Study of the Effect of Ivacaftor on Lung Clearance Index in Subjects With Cystic Fibrosis and the G551D Mutation

Cystic Fibrosis Clinical Trial

Official title:

A Phase 2, Randomized, Double-Blind, Placebo-Controlled, Crossover Study to Evaluate the Effect of VX-770 on Lung Clearance Index in Subjects With Cystic Fibrosis, the G551D Mutation, and FEV1 >90% Predicted

Clinical Trial Details — Status: Completed

Administrative data

• NCT number: NCT01262352
• Other study ID #: VX10-770-106
• Status: Completed
• Phase: Phase 2
• First received: December 15, 2010
• Last updated: February 4, 2013
• Start date: January 2011
• Est. completion date: November 2011

Study information

• Verified date: February 2013
• Source: Vertex Pharmaceuticals Incorporated
• Contact: n/a
• Is FDA regulated: No
• Health authority: United States: Food and Drug AdministrationUnited Kingdom: Medicines and Healthcare Products Regulatory AgencyCanada: Health Canada
• Study type: Interventional

Clinical Trial Summary

The purpose of this study is to evaluate the effect of ivacaftor (VX-770) on lung clearance index (LCI) in subjects aged 6 years and older with cystic fibrosis (CF) who have the G551D-CFTR mutation on at least 1 allele.

Description:

Currently, limited objective measures are available to quantify lung function in CF patients with mild lung disease.
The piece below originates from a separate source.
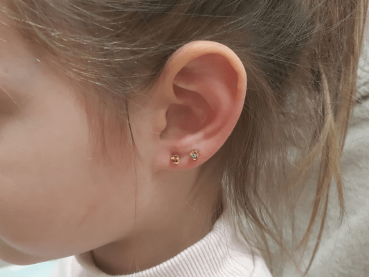Инструмент очень легкий, практически не напоминает "пистолет", прокол происходит бесшумно и безболезненно. Отпадает необходимость "фиксировать" ребенка. Все эти факторы позволяют безо всяких проблем прокалывать уши детям.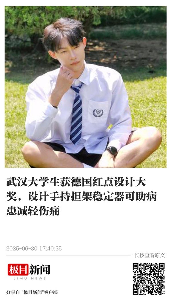 “一路走来,我从竞赛中获益良多,比得奖更重要的是,竞赛教会我‘用设计思维触摸现实’。”回顾参赛的奋斗历程,他目光坚定地说,“产品设计专业就像一把钥匙,能把‘改变世界’的空想,变成触手可及的现实。它不是单纯的艺术创作,而是一场充满魔力的‘解题艺术’。”

Lung clearance index (LCI) derived from inert gas multiple-breath washout (MBW) testing hold considerable promise to evaluate early lung disease as studies have detected abnormalities in a high percentage of CF patients with normal spirometry in both infants and children.

This study explored the effect of ivacaftor on LCI and the efficacy of ivacaftor on other clinical and biomarker endpoints of CF lung disease in subjects aged 6 years and older with CF who have the G551D-CFTR mutation on at least 1 allele.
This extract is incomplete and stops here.